We always first import Caffe2 or ONNX protos, and generate them into Glow IR, and then profile/quantize the Glow IR from there. However once you’re in Glow IR, there is no current way to generate anything back out to Caffe2/ONNX/PyTorch protos, whether quantized or not.

If this might fit your needs, you can always follow this tutorial to get ONNX or Caffe2 from your PyTorch model, which you can then import to Glow.

symashayak · April 26, 2019, 6:25pm

Hi,

Is there an example of taking a float32 ONNX graph, quantizing it with Glow and generate Glow IR? Is there a Python interface to Glow profile/quantization?

Thanks,
Sikandar

jfix · April 28, 2019, 3:36am

You can follow the instructions here on how to gather a profile of a model and then quantize the model. You just need an ONNX proto to load into Glow – see the page on Testing here which discusses how to load a model using one of our example proto model Loaders. We have some limtited support for python via PyTorch through the ONNXIFI interface – you can find info here. Otherwise it’s relatively straightforward to run the Testing Loader examples I linked to above after you’ve built in C++ and quantize/run your model.

eric4337 · July 17, 2019, 8:19am

Hi @jfix, it seems glow ./bin/image-classifier, currently support image classification type model only?
Is there a way to quantize Image Generator type model? or other kind of model? Thanks.

jfix · July 18, 2019, 12:47am

Hi @eric4337, we currently also have a NMT model driver called text-translator, but it’s for pre-unrolled NMT models. We also have a model-runner driver but it’s very simple and just for testing, for models without any non-Constant inputs.

If you want to try other models you need to create your own driver, probably based on tools/loader/ImageClassifier.cpp if you’re interested in image-based models.
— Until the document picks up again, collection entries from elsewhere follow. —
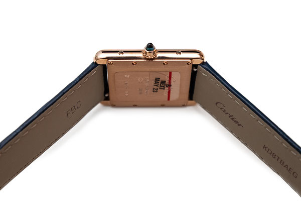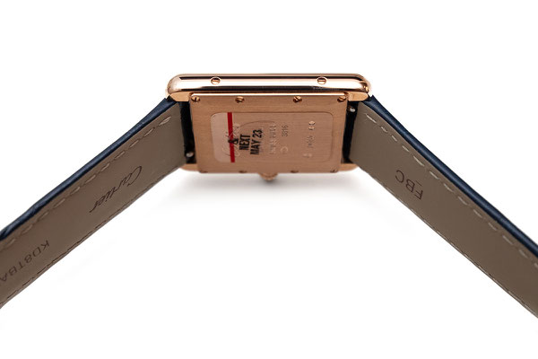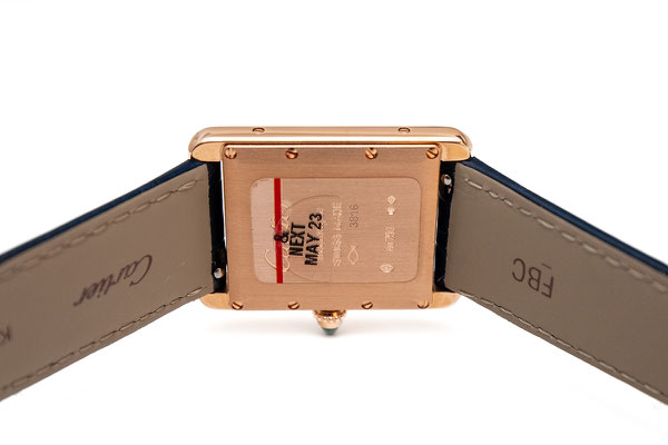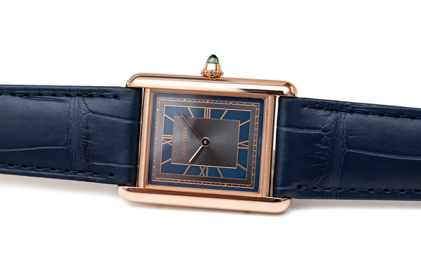 Remarques : La Tank, c’est l’élégance, un trait sans concession. Avec elle, lors de sa création en 1917, Louis Cartier fait le choix esthétique du rectangle à l’opposé des montres rondes de sa génération. Les 2 brancards parallèles sont sa signature, inspirée du dessin d’un char militaire vu de haut : les brancards pour les chenilles, le boîtier pour l’habitacle du véhicule.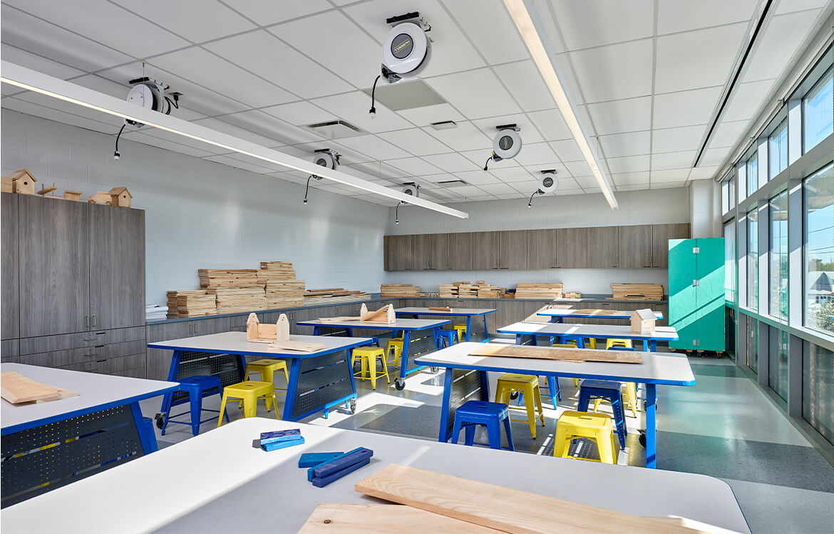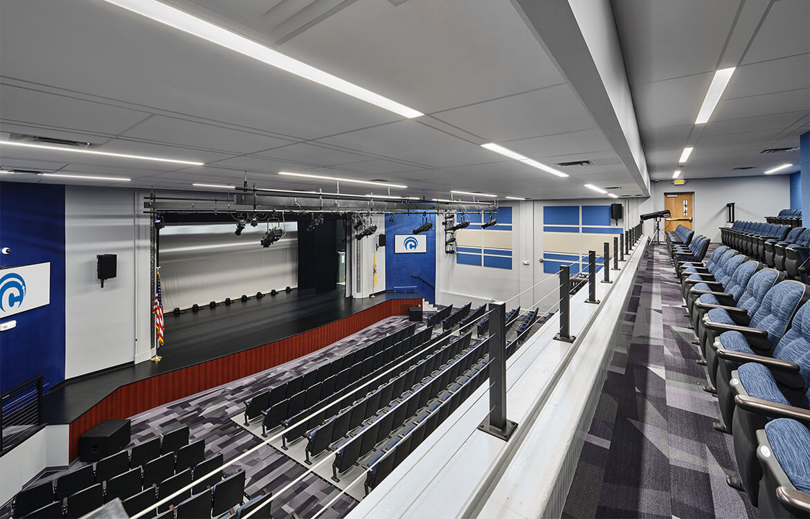 The team then turned to passing the public referendum. DMR worked closely with the town and the district to include projects at all schools in the referendum, closely adhering to a strict budget to reduce the impact on taxpayers. Drawing on trends in educational design, DMR proposed the construction of an advanced facility, with enhanced art and music education spaces and a think tank. DMR also proposed a renovation to the existing high school auditorium, which would be shared by both schools. Each of these factors are credited with helping pass the referendum.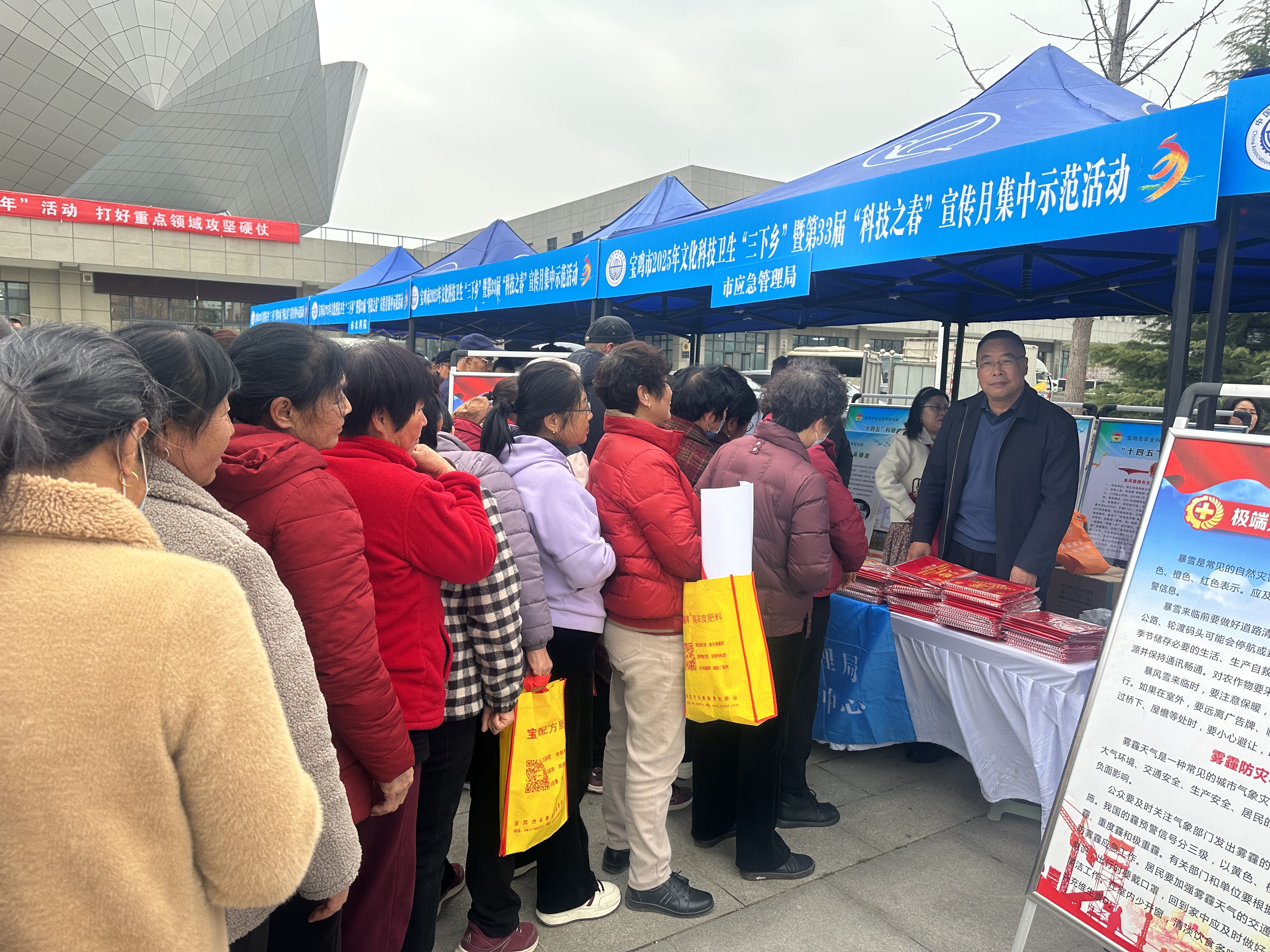 3月11日,市应急管理局党委委员副局长刘昌炳,带领灾防科和减灾救灾中心业务干部5名,前往扶风参加了2025年宝鸡市文化科技卫生“三下乡”暨第33届“科技之春”宣传月集中示范活动。

This mostly would mean you are able to correctly load in and out the inputs/outputs based on their expected shape(s) and datatype(s). Also, depending on the model you may need to add additional operator support.

Once you have those things done you can quantize the model.

AlexKoff88 · August 6, 2019, 4:21pm

Hi,

Look what is available here: https://github.com/opencv/openvino_training_extensions/tree/develop/pytorch_toolkit/nncf.

This is a Quantization Aware Training in PyTorch with ability to export the quantized model to ONNX.

blueskywwc · July 23, 2020, 2:29am

Hi,
Can you export the quantized model to onnx? thanks!